Evolving an Inverted Pendulum Controller with a Genetic Algorithm
Background
The task of a controller is to determine and manipulate the inputs of a system in a way such that the output of that system matches with some desired outputs. For the purpose of maintaining a stable desired output, PID (proportional, integral, derivative) controllers are typically used.
Problem Statement
Balancing an inverted pendulum is a classic control problem. Typically, a coupled PID controller is used, one to keep the pendulum balanced, and one to maintain the horizontal position of the system.
Our goal is to train a multilayer perceptron (MLP) that is able perform as well as or better than a PID controller at balancing the inverted pendulum. The MLP will be given 4 inputs: angle of rotation, rate of rotation, translational position, translational velocity, and will output the control force.
Genetic Algorithm
Organisms
A genetic algorithm (GA) is used to evolve the optimal weights and biases for the MLP controller. Each MLP, represented as a list of weights and biases matrices, plays the role of an organism. The population consists of 100 MLPs.
Crossing
Two MLPs are crossed by taking the weighted average of their corresponding weights and biases. This weighted average is drawn from a uniform distribution between 0 and 1. To prevent the population from being stuck at some local minima, mutants (MLPs with randomly initialized weights and biases) are introduced to the population randomly in each generation.
For this form of crossing, it was found that using linear activation functions worked best. Even though this makes the MLP equivalent to an adaline, maintaining multiple layers and neurons helped the MLPs evolved faster.
Fitness
In each generation of the GA, each MLP is used to control a simulated inverted system (initialized with random left and right perturbations) for 1000 time steps, equivalent to 10 seconds. At each time step, we set the desired angle of the pendulum to 180 degrees (upright), the desired angular velocity to 0, the desired translational position to 0 (center), and the desired translational speed to 0 (stationary).
The error of each MLP is determined by summing the square of the difference between actual and desired at each time step. Organisms with lower error are fitter. The 15 fittest MLP are chosen to do pair-wise crossing to produce the population for the next generation.
Results
After evolving for 1000 generations, the genetic algorithm is able to produce an optimal set of weights and biases for a controller that balances and centers the inverted pendulum. On a Gentoo server with 4 AMD Opteron 6276 CPUs (64 cores total), evolving for 1000 generations takes approximately 1 hour and 50 minutes.
Evolution Snapshots
The videos above show the best MLP at generation 10, 20, 50 and 200 respectively from top to bottom left to right. At generation 10, the MLP is able to prevent the pendulum from falling over, but is unable to stabilize or center the system. At generation 20, the MLP is initially better at centering the system, but still goes off the frame. At generation 50, the MLP is now able to prevent the system from moving off frame, but still has some difficulty stabilizing the system. By generation 200, the MLP is able to both stabilize and center system, but exhibits a moderate amount of overshoot.

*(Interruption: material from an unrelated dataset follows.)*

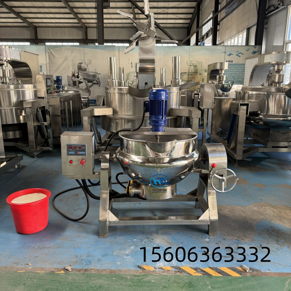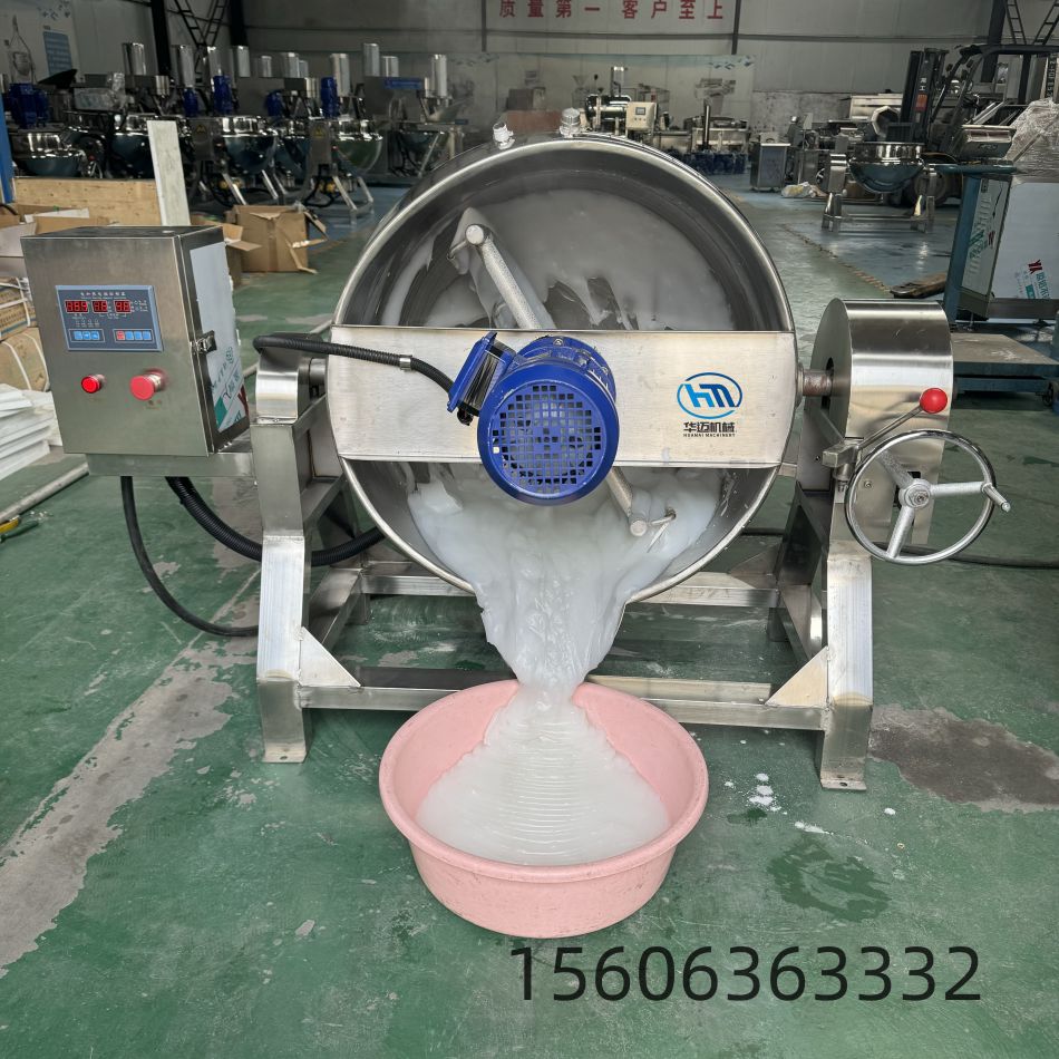 100L电加热可倾式带搅拌夹层锅 自动搅拌凉粉锅 牛肉酱料搅拌夹层锅

The plot above shows the error of the fittest MLP at each generation. Jumps in the error are due to the pendulum being initialized randomly with more extreme perturbations.
Demonstration and Comparison
A demonstration of an evolved MLP (after 1000 generations) stabilizing an inverted pendulum is shown below.
For comparison, the next demonstration shows a coupled PID controller doing the same task.
The evolved MLP controller stabilizes the inverted pendulum as quickly as the PID controller, but exhibits less overshoot. In addition, the evolved MLP controller is faster at centering the system than the PID controller. It's possible that additional gain adjustments could make the PID controller better; the advantage of evolving the controller is that the fine tune adjustments are handled automatically by the GA and doesn't have to be done manually.